* [PROBLEM DESCRIPTION]: In the entries below, find the line with "W szafie każdej" and the line with "Patrick Blanc among"; copy them and every line between them exactly, but not the pictures.

* [SUPPLIED MATERIAL]:
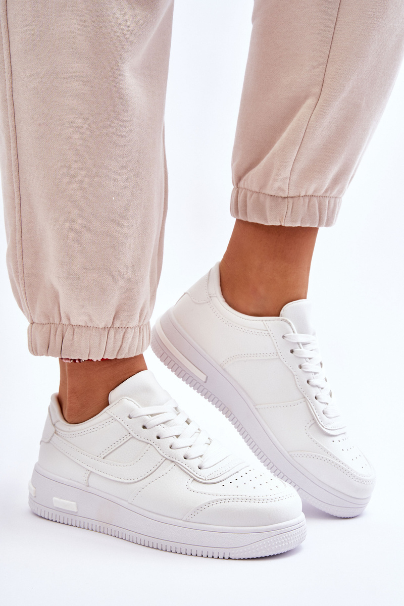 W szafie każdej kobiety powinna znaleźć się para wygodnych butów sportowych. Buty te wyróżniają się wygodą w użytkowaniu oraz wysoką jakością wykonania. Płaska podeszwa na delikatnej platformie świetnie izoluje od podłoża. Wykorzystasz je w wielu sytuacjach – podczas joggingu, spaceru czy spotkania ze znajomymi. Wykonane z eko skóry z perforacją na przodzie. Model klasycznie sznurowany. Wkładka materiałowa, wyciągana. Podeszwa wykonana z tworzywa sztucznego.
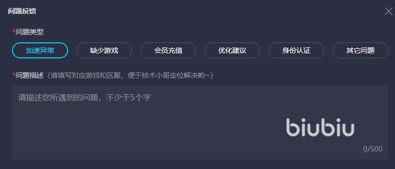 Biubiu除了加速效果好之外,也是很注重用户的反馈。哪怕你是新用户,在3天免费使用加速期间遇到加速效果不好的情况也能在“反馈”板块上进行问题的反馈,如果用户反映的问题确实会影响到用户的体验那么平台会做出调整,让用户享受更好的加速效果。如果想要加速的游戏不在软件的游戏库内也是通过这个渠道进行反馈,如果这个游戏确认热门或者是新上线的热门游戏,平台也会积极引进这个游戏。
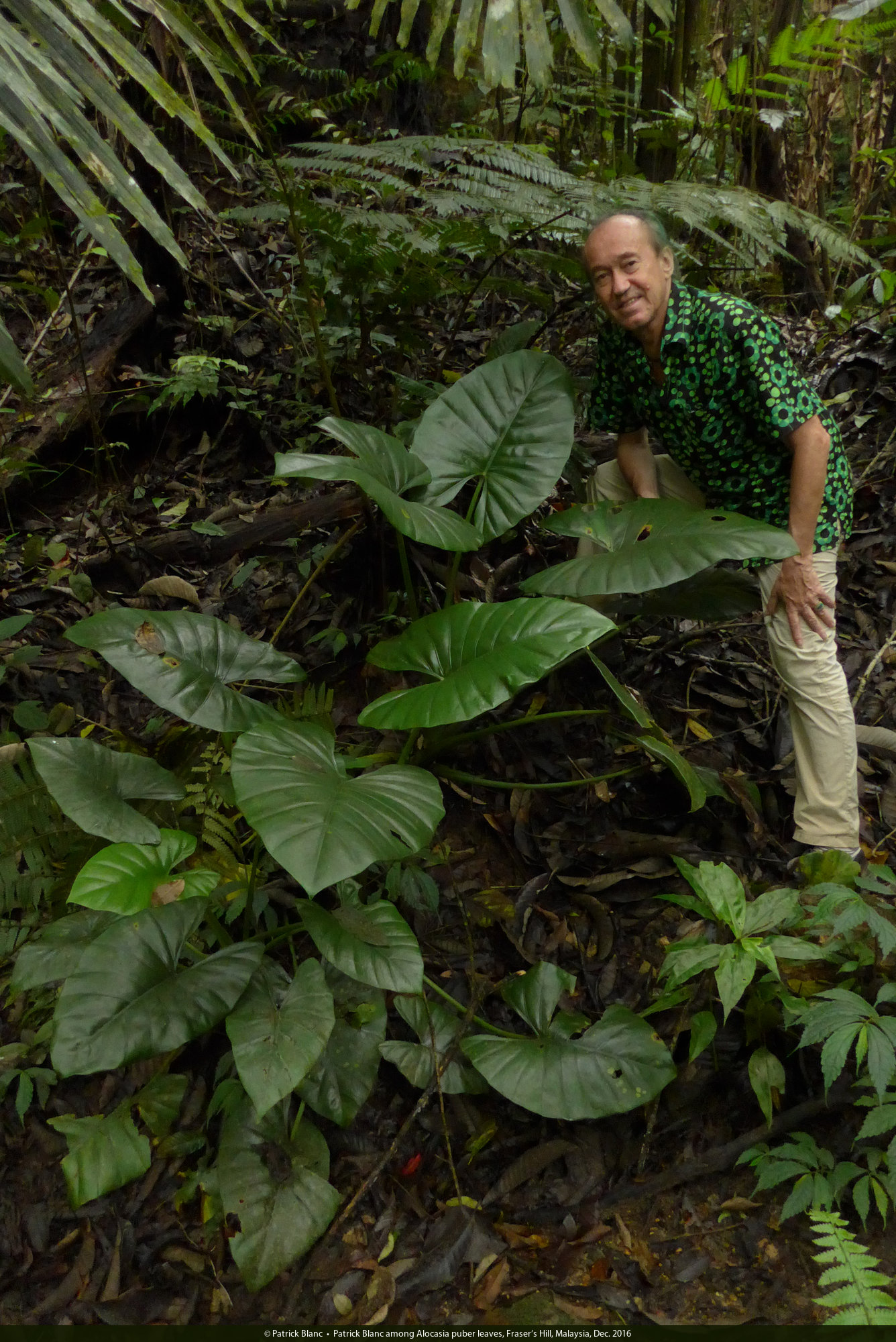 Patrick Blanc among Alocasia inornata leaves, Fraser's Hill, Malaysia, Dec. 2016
...
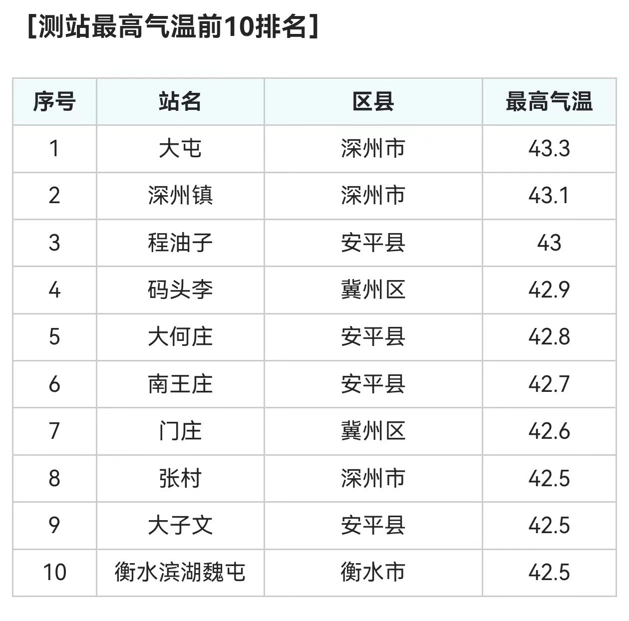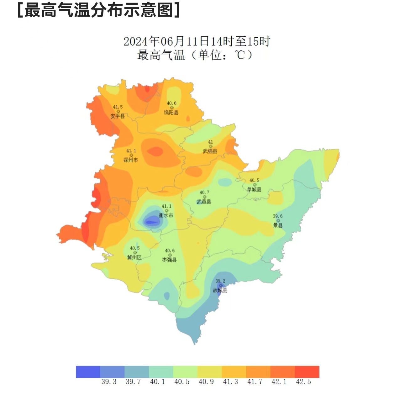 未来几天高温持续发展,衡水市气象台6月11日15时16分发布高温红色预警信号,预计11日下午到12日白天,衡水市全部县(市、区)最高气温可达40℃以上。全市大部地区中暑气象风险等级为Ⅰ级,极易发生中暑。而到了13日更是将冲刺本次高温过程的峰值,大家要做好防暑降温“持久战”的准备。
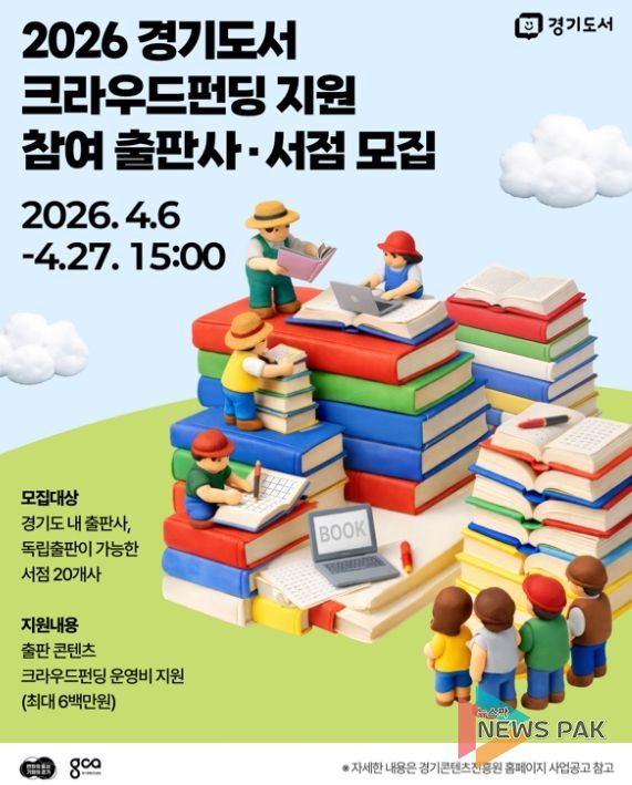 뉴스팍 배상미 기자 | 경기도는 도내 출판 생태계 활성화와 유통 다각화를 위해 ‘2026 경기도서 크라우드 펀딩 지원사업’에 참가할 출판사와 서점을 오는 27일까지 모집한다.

* [EXERCISE RESULT]:
 W szafie każdej kobiety powinna znaleźć się para wygodnych butów sportowych. Buty te wyróżniają się wygodą w użytkowaniu oraz wysoką jakością wykonania. Płaska podeszwa na delikatnej platformie świetnie izoluje od podłoża. Wykorzystasz je w wielu sytuacjach – podczas joggingu, spaceru czy spotkania ze znajomymi. Wykonane z eko skóry z perforacją na przodzie. Model klasycznie sznurowany. Wkładka materiałowa, wyciągana. Podeszwa wykonana z tworzywa sztucznego.
 Biubiu除了加速效果好之外,也是很注重用户的反馈。哪怕你是新用户,在3天免费使用加速期间遇到加速效果不好的情况也能在“反馈”板块上进行问题的反馈,如果用户反映的问题确实会影响到用户的体验那么平台会做出调整,让用户享受更好的加速效果。如果想要加速的游戏不在软件的游戏库内也是通过这个渠道进行反馈,如果这个游戏确认热门或者是新上线的热门游戏,平台也会积极引进这个游戏。
 Patrick Blanc among Alocasia inornata leaves, Fraser's Hill, Malaysia, Dec. 2016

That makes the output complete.